The Choice

Jul 12, 2010 | awareness, the path

…and on my way to the old city, I came across a peasant who was standing right at the edge of a cliff, his shoulders hanging heavily at his sides and his gaze lost in the horizon. Carefully, I walked toward him and made him aware of my presence. He turned his head and, with a somber expression on his face, asked me what I was looking for. I sat on a patch of straw and offered him my attention to listen to his story.
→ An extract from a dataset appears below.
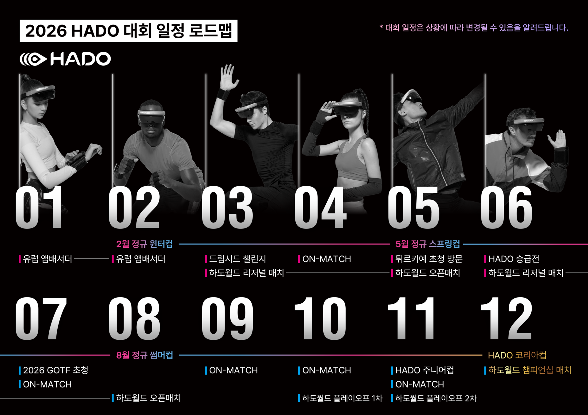 일정은 언제든지 변경될 수 있으며, 새로운 프로그램이 시작될 수 있습니다. 항상 성장하는 HADO가 되겠습니다.

“I was an orphan in the village where I lived,” he started, “abused and mistreated, until the day a traveler arrived from a foreign country and found me roaming the streets looking for food. He asked me for a place to stay and told me he needed someone to care for him and keep him company. A few days after he settled, he offered me shelter, food, clothing, and the promise of keeping me unconditionally, if only I stayed with him as his loyal companion—one more day, every day.”

“For the first time, I felt secure and cared for, and little by little I shared with him the secret life I had: I showed him fields of pasture never seen by anyone before; I sang him songs I composed whenever pain surrounded me; I fed him milk and honey and bathed him with water from the first spring rain.”

“I also gave him moments of despair, pain, and delusion, and each time fear overcame my reason, he protected me from the demons of my past. My master’s eyes held the meaning of compassion and the wisdom of a child. Day after day, he built me up and showed me all that I could be, as long as I stayed with him.”

“Then why do you seem so burdened?” I inquired. “Have you lost your master?”

“The day came when my master taught me all he had to teach and gave me all he had to give,” the peasant said, “and his patience grew thin and his tolerance vanished. All the pain and grudges he had quietly chosen to keep for years—aware of my pain and fearful of my reactions and despair—came adrift with rage and vengeance. Scorned and bitter, he turned against me, and I, afraid of his abandonment, became irrational and delusional as I had been before he welcomed me into his life. All the demons he had put to sleep and the nightmares he had quieted returned to hunt me and claim my spirit.”

“Where is he now?” I asked.

“He’s somewhere down there,” he said, signaling the distant town across the cliffs, “living his life as a new man, in the company of his regrets.”

He went back to the edge of the cliff, and his eyes once more became lost in the horizon, as if searching for something that was no longer there.

I stood up and walked away with a life lesson:
Freedom of choice doesn’t give us the right to make others responsible for having made the wrong one.